Allerdings wird adidas hier natürlich nachlegen und auch farbige Modelle auf dem Markt schmeißen. Das ändert jedoch nichts am hochwertigen Eindruck, der bei einem stolzen Preis von derzeit rund 180€ zu erwarten ist.

Beim Reinschlüpfen hält das gute Gefühl an. Der Schuh bietet deutlich mehr Platz im Vorfußbereich, speziell für die Zehen. Das Primeknit Upper ist tatsächlich so bequem wie adidas es behauptet und passt sich der Fußform sehr gut an.

Einziges Manko hierbei ist die Atmungsaktivität, die bei kalten Temperaturen und viel Wind den Fuß gut „kühlt“. Aber gut, das hab ich vor allem beim Alltagstest gespürt, beim Laufen selbst fällt es kaum auf. Nur bei Regen dürfte es problematisch werden, aber das gilt wohl für alle Laufschuhe, die nicht mit Gore-Tex oder ähnlichem Wasserschutz ausgerüstet sind.

Und apropos Alltag: Der Schuh macht nicht nur an Sportlerfüßen eine gute Figur, sondern bietet sich auch als Every-Day-Schuh an. Luxus für die Füße schadet schließlich keinem von uns, erst recht nicht, wenn wir den ganzen Tag nur im Büro sitzen…

Beim Laufen selbst war ich skeptisch, wie lange die Sohle hält. Sie ist sehr dünn und das BOOST™ Dämpfungsmaterial sehr weich. adidas bewirbt ihn als „Komfortschuh“ und empfiehlt ihn für Langstrecken auf festen Straßen.

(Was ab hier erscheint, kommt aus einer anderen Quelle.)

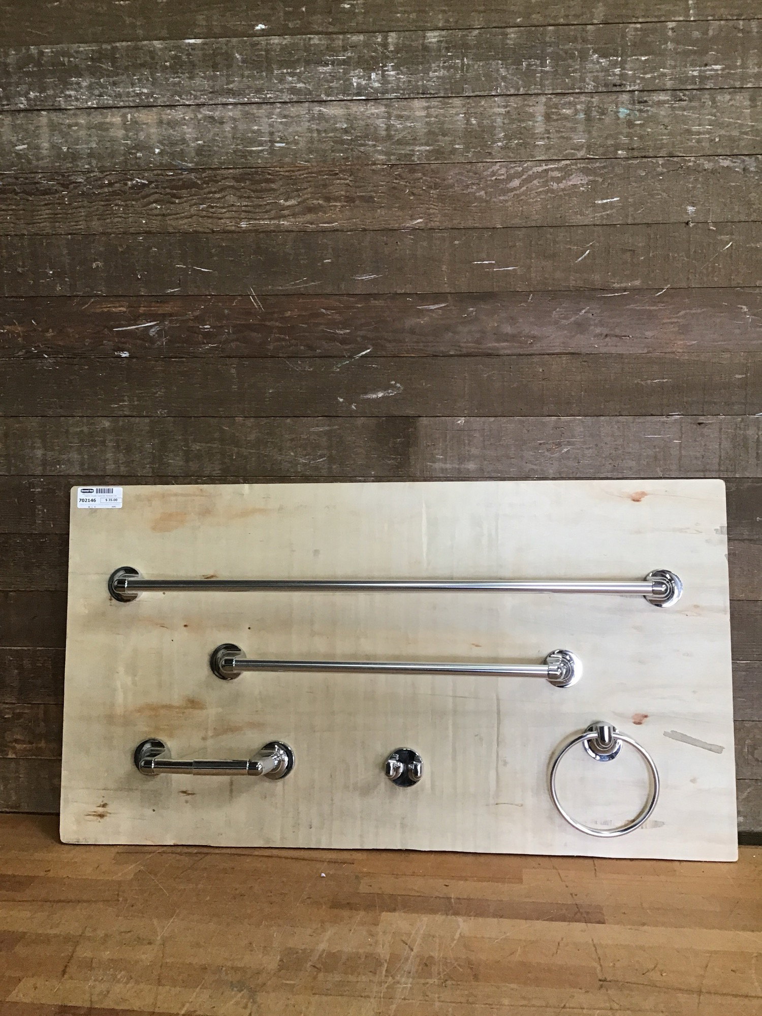 Brand new, polished chrome bathroom hardware set manufactured by Taymor. Made of zinc/aluminum. This set includes one 24" x 3/4" towel bar, 30" x 3/4" towel bar, paper holder, double robe hook and towel ring. Nice little deal for ya!

Denselben Eindruck hatte auch ich, nachdem ich verschiedene Untergründe gelaufen bin:

1. Auf asphaltierten/betonierten Straßen bieten die Schuhe ein hervorragendes Laufgefühl.
2. Für Waldspazierwege eignen sie sich ebenfalls gut, wobei sich größere Steine ggfs. ins BOOST™ eindrücken – also aufpassen!
3. Über Stock und Stein auf Trails sind die adidas sehr agil, aber von der Sohle her gegenüber ausgewiesenen Trailschuhen jedoch im Nachteil.

Für hohes Tempo ist der Schuh meiner Meinung nach nicht ideal, wenngleich es sich trotz der 10mm Sprengung gut auf dem Vorfuß laufen lässt. Für lange Strecken hatte ich bisher einen adidas Energy Boost an, doch der neue Ultra Boost ist der beste Schuh, den ich bisher getragen habe. Kein Scherz!

Wer zum Mittelfuß- oder Rückfußlauf tendiert, stört sich womöglich am Boost-Effekt. Kilometerfressende Freizeitläufer mit neutraler Fußstellung werden diesen Schuh hingegen lieben - unabhängig von ihrer Erfahrung oder ihrem Leistungsniveau!